I just happened to run across those inflatables by Cherokee Sports just the other night while surfing the web. They sure look good to me!!! I'm just concerned with how durable they'd be. And also how much movement they would have, don't want too much!!! Those Cranes are awful "skiddish". Plus it gets plenty windy up here in ND, I'm just afraid they'd blow around like a balloon on a stick!!!! But for the price, I think I'm willing to try them!!! It's alot better than $50 a piece for those plastic hard-bodies!!!! I'd like to hear if anyone has had any experience with these inflatables too!!!


----------



## allan3692 (Aug 17, 2006)

Pete's Bait Shop in Devils Lake carries the Cherokee Sports inflatable sandhill crane decoy. They sell for $11.99/ea or $129/doz. He also carries crane calls. Tele# 701-662-8033. He has five dozen on hand takes about a week to get more in.


----------



## Almomatic (May 6, 2006)

I bought a few at Pete's bait shop in Devils Lake on the way the Rugby this weekend. There are quite a few cranes north of Knox, the decoys aren't half bad for an inflatable, the stakes suck though, I put them in fiberglass stakes made for the duck magnets and they looked pretty good.

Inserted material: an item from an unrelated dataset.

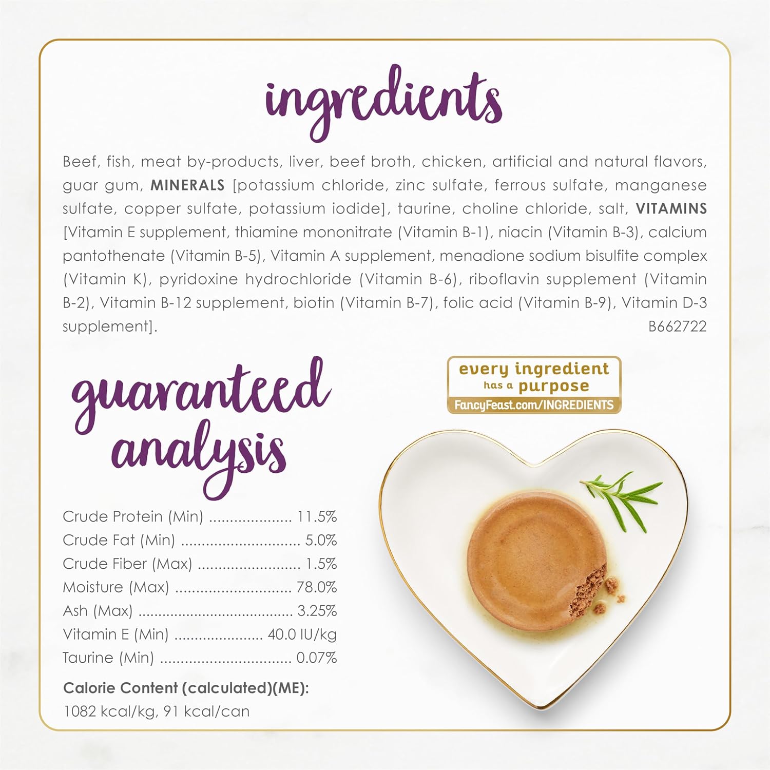 - Purina Fancy Feast senior wet cat food featuring real beef and made without artificial colors or preservatives

Only shot one crane, man those things are hard to decoy, they did come in though, if you use dekes put them downwind of the blinds quite a way back.


----------



## ztrain (Jul 26, 2006)

The guide I hunted with in Canada doesn't mess with crane decoys anymore because they only pass then land outside of the decoys. He just set us up for goose hunting with a crane call and we had several flocks come well within range durring our goose hunt. Even had a flock settle in with canada goose decoys, but the pass shots where better because there is a lot of meat and wings just looking right in the sites when they are in the air flying at you or from side to side.


----------



## smitherman (Sep 18, 2007)

I bought some of the cherokee inflatable duck decoys, photo printed just like the crane. They are very durable, i even carry them in the bag with my G&H decoys. The stakes are the only thing I would be concerned with on the inflatables.


----------